Coin Change - Minimum number of coins
Problem Statement - link #
You are given an amount denoted by value. You are also given an array of coins. The array contains the denominations of the give coins. You need to find the minimum number of coins to make the change for value using the coins of given denominations. Also, keep in mind that you have infinite supply of the coins.
Your Task:
You only need to complete the function minimumNumberOfCoins()
that take array of coins
, size of array, and value
as parameters. You need to return the minimum number of coins required. If it is not possible to make the exact value out of the given coin denominations, return -1
(“Not Possible” will be printed by the driver’s code in this case).
Expected Time Complexity: O(number of coins * value)

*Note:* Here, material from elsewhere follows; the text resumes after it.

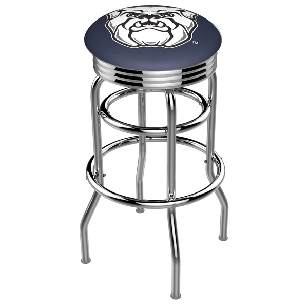 Made for the ultimate sports fan, you will be proud to show where your loyalty lies with this impressive Officially Licensed stool from the Holland Bar Stool Co. This L7C3C double ring swivel stool has a style that brings you back in time featuring a 2.75" chrome ribbed accent ring that conceals the swivel for a very clean look. A state of the art print process is used in applying specially formulated UV vinyl ink in numerous stages to produce a sharp, crisp, clear image to ensure a perfect reproduction of the logo. You won't find a higher quality logo stool on the market. The frame is made from commercial grade steel that is strong, durable, and triple chrome-plated to guarantee a long-lasting, rich finish capable of withstanding the abuse of your rowdiest of friends for years to come. The cushion seats are of the highest quality as well, utilizing a breathable, commercial grade vinyl. At the heart of the cushion is 2 1/2 inches of highly-dense foam that provides maximum support and will not breakdown in a couple years. If you're going to finish your bar, game room, or man cave do it right- with a logo stool made by the Holland Bar Stool Co.

Expected Auxiliary Space: O(value)
Examples #
Example 1:
Input:
value = 5
numberOfCoins = 3
coins[] = {3,6,3}
Output: Not Possible
Explanation:We need to make the change for
value = 5 The denominations are {3,6,3}
It is certain that we cannot make 5 using
any of these coins.
Example 2:
Input:
value = 10
numberOfCoins = 4
coins[] = {2 5 3 6}
Output: 2
Explanation:We need to make the change for
value = 10 The denominations are {2,5,3,6}
We can use two 5 coins to make 10. So
minimum coins are 2.
Constraints #
1 <= value <= 10^3
1 <= numberOfCoins <= 10^3
1 <= coins[i] <= 10^3
Solutions #
class Solution
{
public:
//Function to find the minimum number of coins to make the change
//for value using the coins of given denominations.
long long minimumNumberOfCoins(int coins[],int numberOfCoins,int value)
{
// your code here
long long dp[value+1];
dp[0]=0;
for(int i=1;i<value+1;i++){
dp[i]=INT_MAX;
for(int j=0;j<numberOfCoins;j++){
if(coins[j]<=i)
dp[i] = min(dp[i],dp[i-coins[j]]+1);
}
}
return dp[value]==INT_MAX ? -1 : dp[value];
}
};